The course will roughly cover the following topics (in this order): syntax, semantics and proof theory of propositional logic, sat-solvers, syntax of first-order, the resolution proof system, syntax of first-order and second-order logic, connections between monadic second order logic and regular languages (word and tree, finite and infinite), interpretations, decidable logics using finite model properties and interpretations, finite model theory and descriptive complexity, combinations of decision procedures. The course will also cover a number of efficiently decidable logics and overview the exciting new automatic theorem provers (SMT solvers) that can reason with these logics effectively.
Prerequisite: Mathematical maturity and some knowledge of automata theory and propositional logic required.

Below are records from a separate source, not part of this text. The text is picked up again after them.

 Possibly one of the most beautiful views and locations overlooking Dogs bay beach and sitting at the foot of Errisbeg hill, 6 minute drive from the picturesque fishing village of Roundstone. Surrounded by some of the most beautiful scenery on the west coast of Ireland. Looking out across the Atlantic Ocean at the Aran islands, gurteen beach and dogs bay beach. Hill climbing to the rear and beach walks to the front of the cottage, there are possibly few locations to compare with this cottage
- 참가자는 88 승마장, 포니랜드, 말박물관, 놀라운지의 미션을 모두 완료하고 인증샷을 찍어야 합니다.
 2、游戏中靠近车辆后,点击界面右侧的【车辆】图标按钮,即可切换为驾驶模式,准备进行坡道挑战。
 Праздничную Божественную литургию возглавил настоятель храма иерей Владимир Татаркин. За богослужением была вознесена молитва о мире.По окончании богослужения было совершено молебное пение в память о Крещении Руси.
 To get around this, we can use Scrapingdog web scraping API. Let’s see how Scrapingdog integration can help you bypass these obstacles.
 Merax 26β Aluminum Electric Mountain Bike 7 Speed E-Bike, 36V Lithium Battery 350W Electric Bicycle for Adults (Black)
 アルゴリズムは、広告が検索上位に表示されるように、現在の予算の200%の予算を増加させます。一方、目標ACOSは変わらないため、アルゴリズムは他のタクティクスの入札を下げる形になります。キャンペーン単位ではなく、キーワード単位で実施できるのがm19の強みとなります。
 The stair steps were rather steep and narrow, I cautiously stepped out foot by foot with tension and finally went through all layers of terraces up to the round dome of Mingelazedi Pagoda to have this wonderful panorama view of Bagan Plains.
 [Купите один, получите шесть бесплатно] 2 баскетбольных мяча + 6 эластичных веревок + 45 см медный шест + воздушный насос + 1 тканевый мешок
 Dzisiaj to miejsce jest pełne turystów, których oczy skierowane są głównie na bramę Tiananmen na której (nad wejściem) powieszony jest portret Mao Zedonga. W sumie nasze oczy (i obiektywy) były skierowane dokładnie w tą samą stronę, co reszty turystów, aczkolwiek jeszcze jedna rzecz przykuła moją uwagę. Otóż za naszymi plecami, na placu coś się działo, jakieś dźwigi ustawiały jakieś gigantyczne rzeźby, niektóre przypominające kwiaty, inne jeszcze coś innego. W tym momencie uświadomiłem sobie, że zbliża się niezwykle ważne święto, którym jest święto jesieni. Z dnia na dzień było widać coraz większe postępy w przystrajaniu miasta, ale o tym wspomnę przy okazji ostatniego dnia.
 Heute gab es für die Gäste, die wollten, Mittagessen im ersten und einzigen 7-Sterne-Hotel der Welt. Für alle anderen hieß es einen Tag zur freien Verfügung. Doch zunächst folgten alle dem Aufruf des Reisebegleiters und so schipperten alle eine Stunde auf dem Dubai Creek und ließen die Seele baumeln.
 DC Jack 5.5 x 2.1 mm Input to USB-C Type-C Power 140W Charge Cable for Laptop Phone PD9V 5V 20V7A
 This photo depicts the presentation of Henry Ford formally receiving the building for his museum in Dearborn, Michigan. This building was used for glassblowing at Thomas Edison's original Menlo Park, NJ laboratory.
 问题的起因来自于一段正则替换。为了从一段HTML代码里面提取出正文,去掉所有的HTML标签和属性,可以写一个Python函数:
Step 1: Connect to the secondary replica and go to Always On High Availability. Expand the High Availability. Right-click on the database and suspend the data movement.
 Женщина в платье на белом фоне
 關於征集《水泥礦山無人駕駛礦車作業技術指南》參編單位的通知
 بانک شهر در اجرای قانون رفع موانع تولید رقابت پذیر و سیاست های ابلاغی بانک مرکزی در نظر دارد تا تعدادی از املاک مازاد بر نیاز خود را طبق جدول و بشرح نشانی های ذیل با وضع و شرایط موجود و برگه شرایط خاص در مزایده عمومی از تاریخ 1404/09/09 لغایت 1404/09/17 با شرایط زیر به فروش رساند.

The course will be closely modeled after the 498MV course by Mahesh Viswanathan given last year, except for a few changes:
- There will be slightly less focus on Courcelle's theorem and less focus on EF games.
- There will be instead more focus on how to use interpretations to obtain decidable logics.
- We will also study quantifier elimination for first-order logic on reals.
- We will also study how to combine decision procedures (Nelson-Oppen style), and see examples of combined theories that are decidable. We will also overview automatic theorem provers (SMT solvers) that solve combinations of theories driven by a SAT solver (such as Microsoft Research's Z3 theorem prover).
- There will be a lecture on modern applications of decidable logics, including its use as a specification logic for software (Hoare logic), its use in program verification (to decide invariants), its use in proof-carrying code, and its role in defining query languages in databases.
- See the earlier course (topics, lectures, references, etc.) to get an idea of what this course will be like.